January 2022: CTIS Training Update

European Medicines Agency (EMA) updated the page Clinical Trials Information System (CTIS): online modular training program on January 20, 2022, by adding new and updated versions of documents in Modules 08 and 17:

  1. Module 08 – Step-by-step guide: How to evaluate an Additional MSC clinical trial application (Add MSC CTA) (v1.0): It defines Add MSC CTA and the step-by-step procedure for its evaluation. It mainly includes assessment and decision along with its timeline and screenshots for better understanding.
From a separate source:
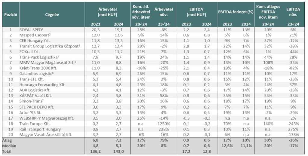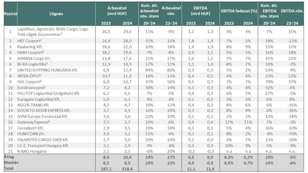 Az előző év gyenge eredményei után 202r4-ben a szállítmányozók újra növekedni tudtak. A belföldi áruforgalom volumenének jelentős csökkenése és a külkereskedelmi forgalom visszaesése ellenére az általunk vizsgált cégek mediánértéken 12%-kal növelni tudták bevételeiket 2024-ben, a lista 21 cégéből 20 ért el forgalomnövekedést.
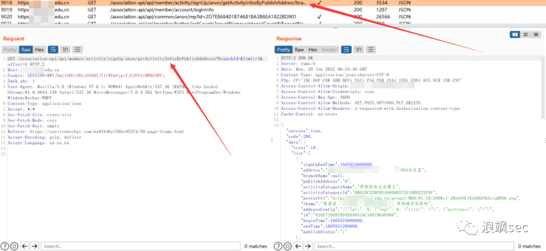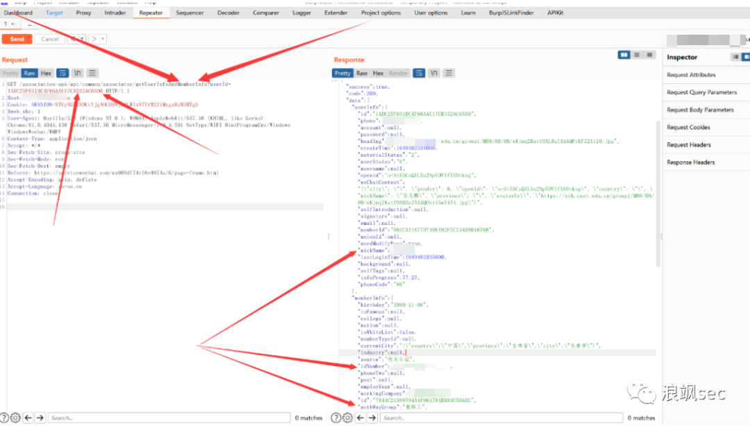 在BP的HTTP历史流量里随便找一个包Ctrl+R放入重放器中,已知之前在某小程序上发现某接口泄漏用户身份信息,将下方请求URL替换掉第三步随意抓取的请求URL

  2. Module 08 – Step-by-step guide: How to evaluate a Substantial Modification clinical trial application (v1.0): It defines substantial modification and the step-by-step procedure for its evaluation. It mainly includes validation, assessment, and decision along with its timeline and screenshots for better understanding.
  3. Module 08 – Quick guide – Part II: How to evaluate an Initial Clinical Trial Application: Assessment and Decision  (v1.2): Updated by modifying the flowchart of ‘Roles and permissions’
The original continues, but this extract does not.